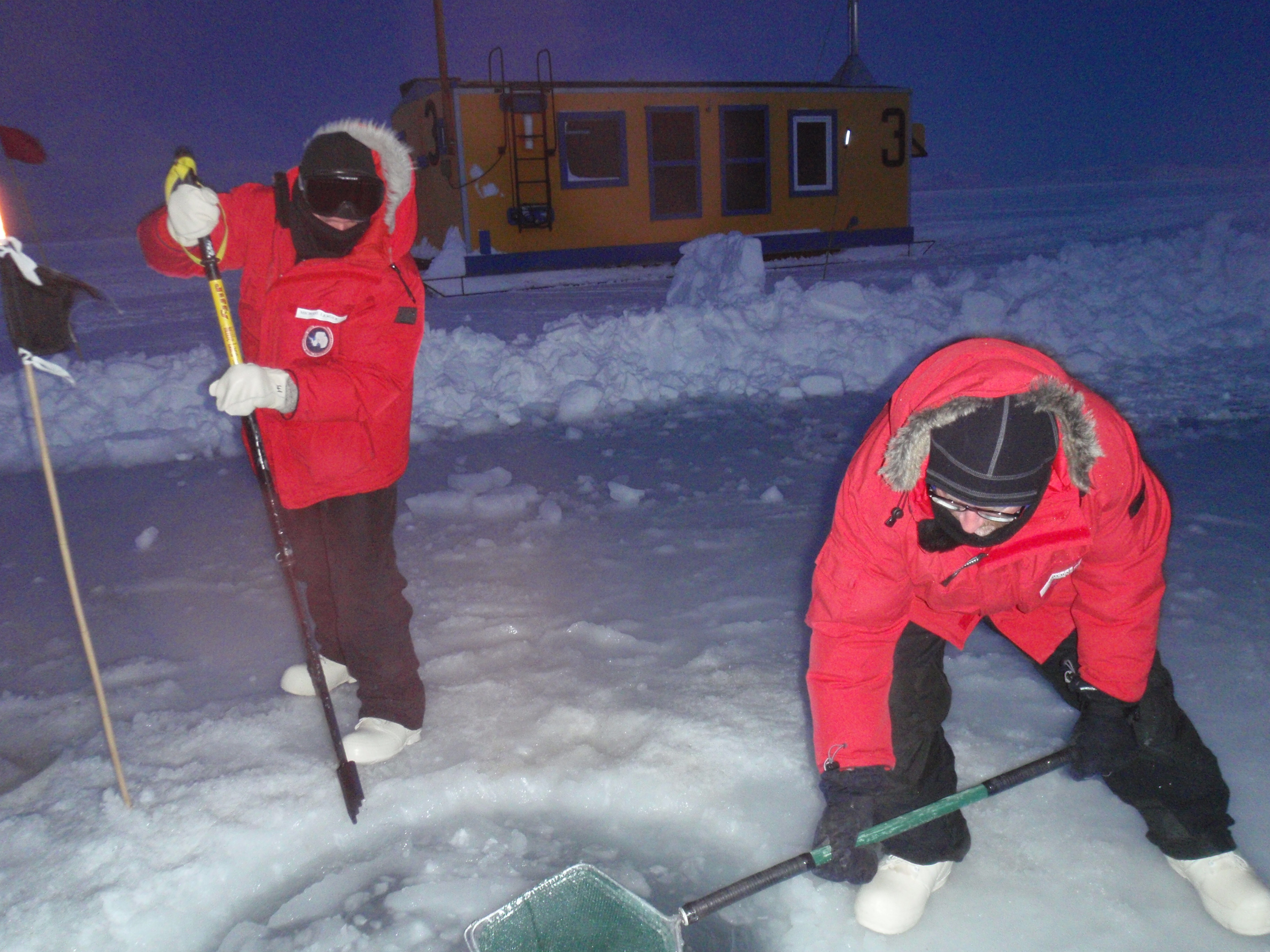 Michael League and Dr. Adam Marsh clear out the dive hole before the dive hut is dragged into place over the hole. McMurdo Station, Antarctica.
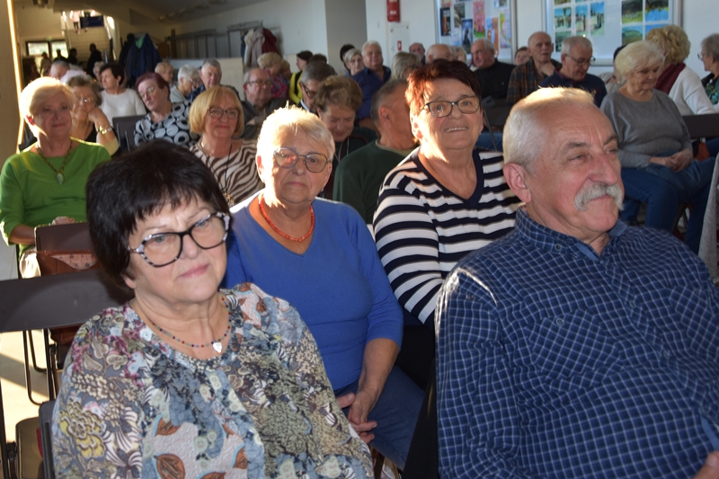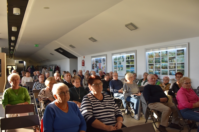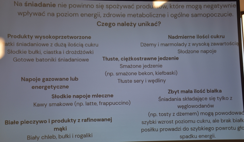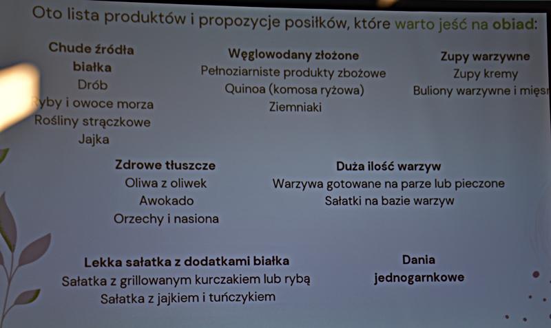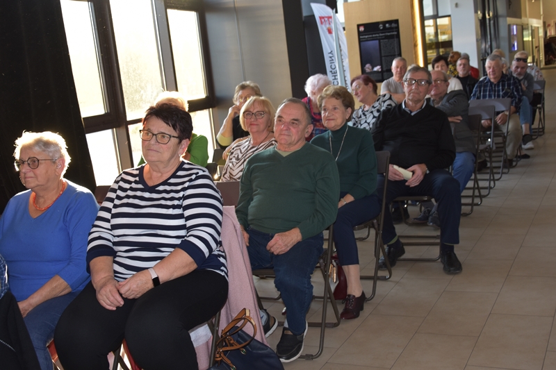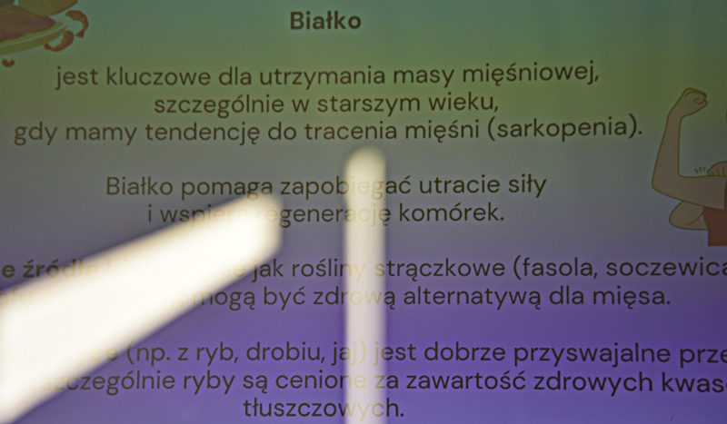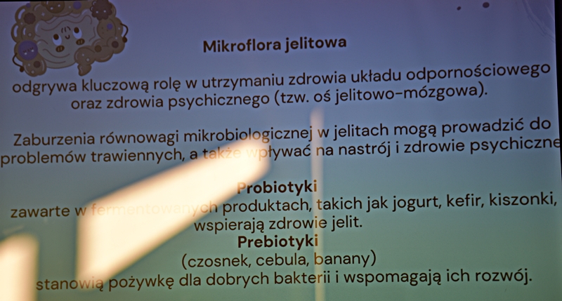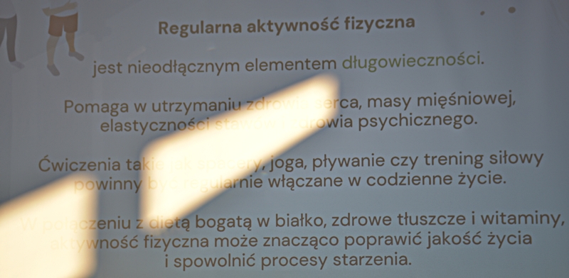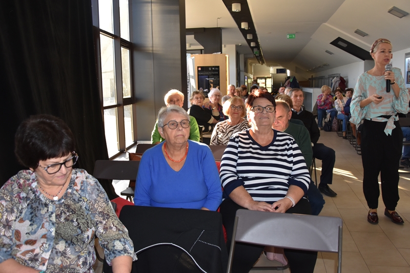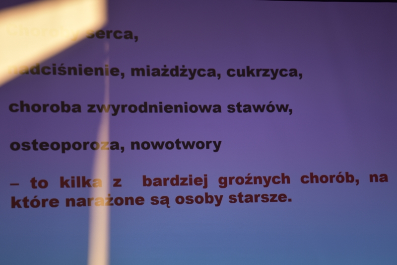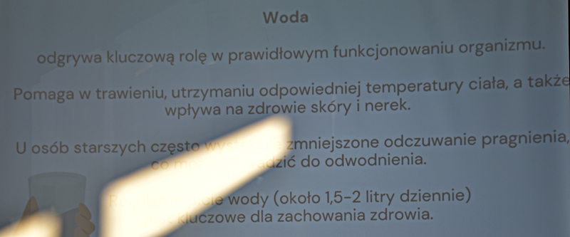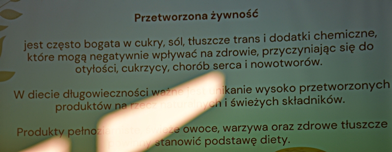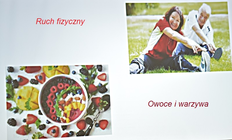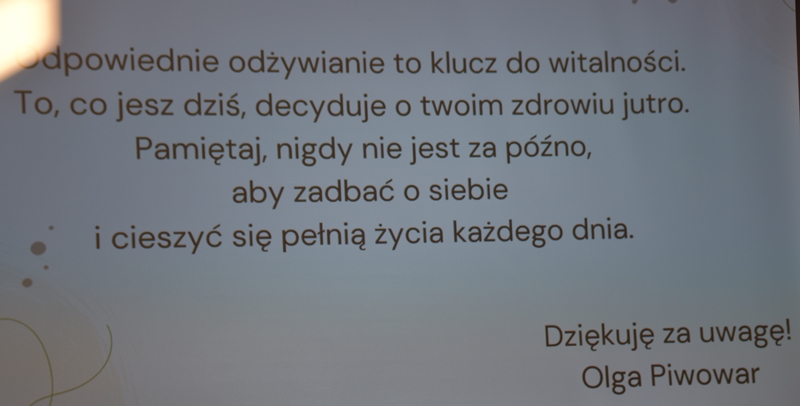 Pani Olga Piwowar - dietetyk, która przedstawiła nam ,,dietę długowieczności’’. W diecie seniora należy uwzględnić spożywanie dużej ilości: warzyw i owoców, które dostarczają niezbędnych antyoksydantów, witamin i minerałów; orzechów, nasion i pełnoziarnistych produktów, które wspierają układ sercowo-naczyniowy przez co zmniejszają ryzyko cukrzycy i otyłości; białka - najlepiej pochodzenia zwierzęcego (powoduje utrzymanie masy mięśniowej, uczucie sytości, wspiera regenerację komórek); oliwy z oliwek, awokado, które są źródłem zdrowych tłuszczów, redukują stany zapalne, zmniejszają ryzyko chorób neurodegeneracyjnych (demencja, choroba Alzheimera); kwasy omega-3 zawarte między innymi w rybach, które są niezbedne do prawidłowego funkcjonowania mózgu. W celu uzupełnienia mikroflory jelitowej należy spożywać probiotyki (jogurt, kefir) i prebiotyki (czosnek, cebula, banany), które stanowią pożywkę dla dobrych bakterii i wspomagają ich rozwój. Bardzo ważna w diecie jest ilość wypitej wody, która pomaga w trawieniu, utrzymaniu odpowiedniej temperatury ciała, wpływa na zdrowie skóry i nerek. Osoby starsze często nie odczuwają pragnienia co w efekcie może doprowadzić do odwodnienia. W ciągu doby należy wypić 1,5-2 litry wody. W diecie seniora należy też uwzględnić witaminy i minerały takie jak : wit.D, wapń, magnez, cynk i selen, ponieważ pomagają w zapobieganiu chorobom przewlekłym i wspomagają układ odpornościowy. W prawidłowej diecie należy unikać wszelkiej przetworzonej żywności, bogatej w sól, cukry, tłuszcze zwierzęce i dodatki chemiczne. Nieodłącznym elementem długowieczności jest regularna aktywność fizyczna, nigdy nie jest za późno, aby zadbać o siebie i o swoje zdrowie.
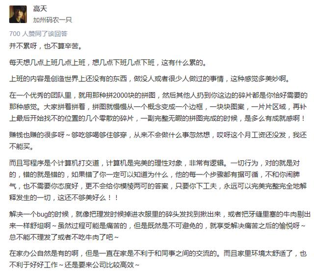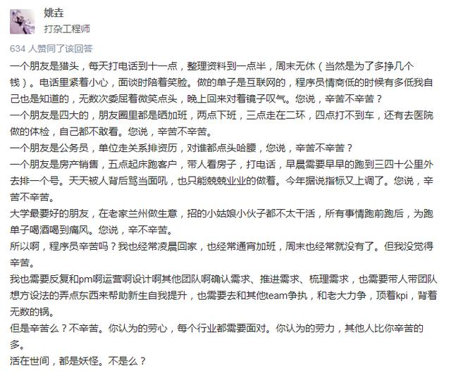 阅历越增加越知道各行各业都有自己的辛苦,辛苦并不等于累。程序员普遍会有加班现象,其他行业也不轻松啊,做销售的要陪客户跑上跑下嘴皮说干,做生意的有时候喝酒喝得痛风,做广告的想创意也经常改版,做公务员的要搞好上下关系等等。成年人的社会了,都还是蛮辛苦的,说不辛苦的可能是家里有矿吧。
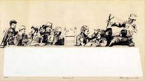 Slika Miće Popovića "Tajna večera" (1989.) na kojoj je mjesto Spasitelja (Isusa Krista) prazno - ostavljeno za Slobodana Miloševića kojeg se očekuje kao "srpskog Mesiju"
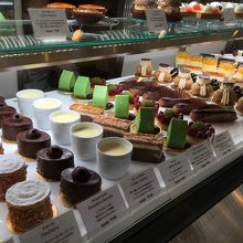 ショーケースには綺麗なプティガトーがたくさん!一つ一つ綺麗で私好みのケーキにずっと見てても飽きないです^^;悩みに悩んでピスタチオムースのケーキを注文。
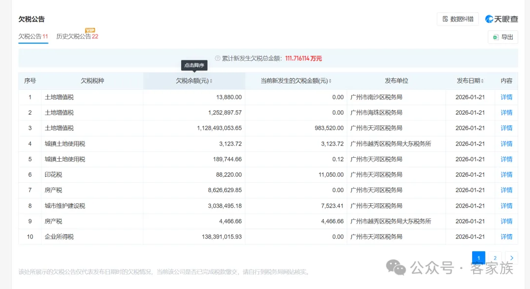 近日,据天眼查“天眼风险”信息显示,广州富力地产股份有限公司新增11则欠税公告,欠税余额合计13亿余元,涉及土地增值税、城镇土地使用税、印花税、房产税等多个税种。
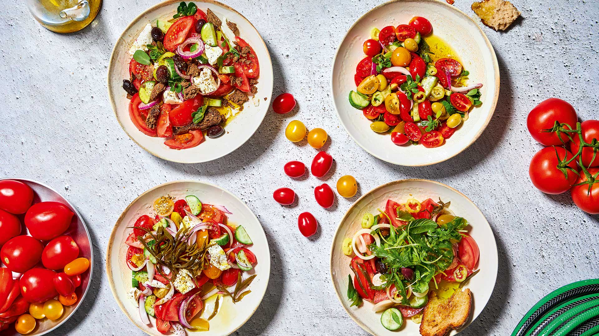 «Στο τέλος του καλοκαιριού με αρχές φθινοπώρου, βρίσκω τις ωραιότερες και πιο γλυκές ντομάτες» μου έλεγε ένας γνωστός μου. Εγώ βέβαια είχα βρει καταπληκτικές ντομάτες και τον Μάιο. Προφανώς εξαρτάται από τον καιρό, το μικροκλίμα της κάθε περιοχής, τον τρόπο καλλιέργειας (υπαίθριες ή θερμοκηπίου), τις φροντίδες του εκάστοτε παραγωγού και επίσης την ποικιλία ή το υβρίδιο. Αλλάζουν οι εποχές, αλλάζει το κλίμα, αλλάζει κι η ποιότητα των καρπών. Έχετε φτιάξει ποτέ χωριάτικη με αληθινή ντομάτα από αληθινό σπόρο; Δεν έχει καμία σχέση με τα υβρίδια. Η γεύση της είναι αυθεντικά νόστιμη, κρίσιμη, καθοριστική. Πολλές φορές την προδίδει η εμφάνισή της: συχνά είναι ατσούμπαλη, ακατάστατη, στραβοχυμένη και μπαταρισμένη, σχετικά μαλακιά. Καμιά δεν είναι όμοια με την άλλη κι επίσης μια τέτοια ντομάτα μυρίζει δυνατά, είναι συνήθως φθηνότερη, τη βρίσκουμε εξορισμένη στους πίσω πίσω πάγκους του μανάβικου ή σε εκείνους που τους τρώει ο ήλιος στην άκρη του μαγαζιού, και κάποιοι τους βάζουν και το αυθαίρετο ταμπελάκι που γράφει «ντομάτες για σάλτσα» και υποβιβάζει αυτομάτως και την αξία τους. Βέβαια δεν είναι μόνο η ντομάτα που πρέπει να είναι πρώτης διαλογής. Το ελαιόλαδο θα πρέπει όχι απλώς να είναι κορυφαίο αλλά να είναι η αφρόκρεμα, η φέτα να είναι σπάταλη, διαλεχτή κι επώνυμη, το κρεμμύδι ελαφρώς καυτερό και τριζάτο, η πιπεριά να μοσχοβολάει τόσο που να τη μυρίζεις από μακριά, το αγγούρι να κάνει κρατς στο δάγκωμα, και οι ελιές να είναι σαρκώδεις και υπόπικρες. Αντίστοιχα κριτήρια ποιότητας θα πρέπει να πληρούν και τα υπόλοιπα συστατικά της χωριάτικης. Τελευταίο, αλλά πολύ σημαντικό, το ψωμί για το λαδομπούκι (κοινώς παπάρα). Εκεί θα πρέπει να δοθεί μεγάλη σημασία, και η επιλογή του να γίνει με γνώση και συνείδηση. Τα επικά ζουμιά της χωριάτικης τρώγονται μέχρι την τελευταία σταγόνα με έναν και μοναδικό τρόπο: χρησιμοποιώντας μικρές, στιβαρές μπουκιές ψωμιού. Αμαρτία ασυγχώρητη να πεταχτούν οι χυμοί της χωριάτικης σαλάτας – αν περισσέψουν τους φυλάω στο ψυγείο και τους προσθέτω στη σαλάτα της επόμενης μέρας ή σε κάποια σάλτσα.

▶ _Task details_
Repeat, exactly and in full, all the material above except its pictures.

▶ _Exercise solution_
 Michael League and Dr. Adam Marsh clear out the dive hole before the dive hut is dragged into place over the hole. McMurdo Station, Antarctica.
 Pani Olga Piwowar - dietetyk, która przedstawiła nam ,,dietę długowieczności’’. W diecie seniora należy uwzględnić spożywanie dużej ilości: warzyw i owoców, które dostarczają niezbędnych antyoksydantów, witamin i minerałów; orzechów, nasion i pełnoziarnistych produktów, które wspierają układ sercowo-naczyniowy przez co zmniejszają ryzyko cukrzycy i otyłości; białka - najlepiej pochodzenia zwierzęcego (powoduje utrzymanie masy mięśniowej, uczucie sytości, wspiera regenerację komórek); oliwy z oliwek, awokado, które są źródłem zdrowych tłuszczów, redukują stany zapalne, zmniejszają ryzyko chorób neurodegeneracyjnych (demencja, choroba Alzheimera); kwasy omega-3 zawarte między innymi w rybach, które są niezbedne do prawidłowego funkcjonowania mózgu. W celu uzupełnienia mikroflory jelitowej należy spożywać probiotyki (jogurt, kefir) i prebiotyki (czosnek, cebula, banany), które stanowią pożywkę dla dobrych bakterii i wspomagają ich rozwój. Bardzo ważna w diecie jest ilość wypitej wody, która pomaga w trawieniu, utrzymaniu odpowiedniej temperatury ciała, wpływa na zdrowie skóry i nerek. Osoby starsze często nie odczuwają pragnienia co w efekcie może doprowadzić do odwodnienia. W ciągu doby należy wypić 1,5-2 litry wody. W diecie seniora należy też uwzględnić witaminy i minerały takie jak : wit.D, wapń, magnez, cynk i selen, ponieważ pomagają w zapobieganiu chorobom przewlekłym i wspomagają układ odpornościowy. W prawidłowej diecie należy unikać wszelkiej przetworzonej żywności, bogatej w sól, cukry, tłuszcze zwierzęce i dodatki chemiczne. Nieodłącznym elementem długowieczności jest regularna aktywność fizyczna, nigdy nie jest za późno, aby zadbać o siebie i o swoje zdrowie.
 阅历越增加越知道各行各业都有自己的辛苦,辛苦并不等于累。程序员普遍会有加班现象,其他行业也不轻松啊,做销售的要陪客户跑上跑下嘴皮说干,做生意的有时候喝酒喝得痛风,做广告的想创意也经常改版,做公务员的要搞好上下关系等等。成年人的社会了,都还是蛮辛苦的,说不辛苦的可能是家里有矿吧。
 Slika Miće Popovića "Tajna večera" (1989.) na kojoj je mjesto Spasitelja (Isusa Krista) prazno - ostavljeno za Slobodana Miloševića kojeg se očekuje kao "srpskog Mesiju"
 ショーケースには綺麗なプティガトーがたくさん!一つ一つ綺麗で私好みのケーキにずっと見てても飽きないです^^;悩みに悩んでピスタチオムースのケーキを注文。
 近日,据天眼查“天眼风险”信息显示,广州富力地产股份有限公司新增11则欠税公告,欠税余额合计13亿余元,涉及土地增值税、城镇土地使用税、印花税、房产税等多个税种。
 «Στο τέλος του καλοκαιριού με αρχές φθινοπώρου, βρίσκω τις ωραιότερες και πιο γλυκές ντομάτες» μου έλεγε ένας γνωστός μου. Εγώ βέβαια είχα βρει καταπληκτικές ντομάτες και τον Μάιο. Προφανώς εξαρτάται από τον καιρό, το μικροκλίμα της κάθε περιοχής, τον τρόπο καλλιέργειας (υπαίθριες ή θερμοκηπίου), τις φροντίδες του εκάστοτε παραγωγού και επίσης την ποικιλία ή το υβρίδιο. Αλλάζουν οι εποχές, αλλάζει το κλίμα, αλλάζει κι η ποιότητα των καρπών. Έχετε φτιάξει ποτέ χωριάτικη με αληθινή ντομάτα από αληθινό σπόρο; Δεν έχει καμία σχέση με τα υβρίδια. Η γεύση της είναι αυθεντικά νόστιμη, κρίσιμη, καθοριστική. Πολλές φορές την προδίδει η εμφάνισή της: συχνά είναι ατσούμπαλη, ακατάστατη, στραβοχυμένη και μπαταρισμένη, σχετικά μαλακιά. Καμιά δεν είναι όμοια με την άλλη κι επίσης μια τέτοια ντομάτα μυρίζει δυνατά, είναι συνήθως φθηνότερη, τη βρίσκουμε εξορισμένη στους πίσω πίσω πάγκους του μανάβικου ή σε εκείνους που τους τρώει ο ήλιος στην άκρη του μαγαζιού, και κάποιοι τους βάζουν και το αυθαίρετο ταμπελάκι που γράφει «ντομάτες για σάλτσα» και υποβιβάζει αυτομάτως και την αξία τους. Βέβαια δεν είναι μόνο η ντομάτα που πρέπει να είναι πρώτης διαλογής. Το ελαιόλαδο θα πρέπει όχι απλώς να είναι κορυφαίο αλλά να είναι η αφρόκρεμα, η φέτα να είναι σπάταλη, διαλεχτή κι επώνυμη, το κρεμμύδι ελαφρώς καυτερό και τριζάτο, η πιπεριά να μοσχοβολάει τόσο που να τη μυρίζεις από μακριά, το αγγούρι να κάνει κρατς στο δάγκωμα, και οι ελιές να είναι σαρκώδεις και υπόπικρες. Αντίστοιχα κριτήρια ποιότητας θα πρέπει να πληρούν και τα υπόλοιπα συστατικά της χωριάτικης. Τελευταίο, αλλά πολύ σημαντικό, το ψωμί για το λαδομπούκι (κοινώς παπάρα). Εκεί θα πρέπει να δοθεί μεγάλη σημασία, και η επιλογή του να γίνει με γνώση και συνείδηση. Τα επικά ζουμιά της χωριάτικης τρώγονται μέχρι την τελευταία σταγόνα με έναν και μοναδικό τρόπο: χρησιμοποιώντας μικρές, στιβαρές μπουκιές ψωμιού. Αμαρτία ασυγχώρητη να πεταχτούν οι χυμοί της χωριάτικης σαλάτας – αν περισσέψουν τους φυλάω στο ψυγείο και τους προσθέτω στη σαλάτα της επόμενης μέρας ή σε κάποια σάλτσα.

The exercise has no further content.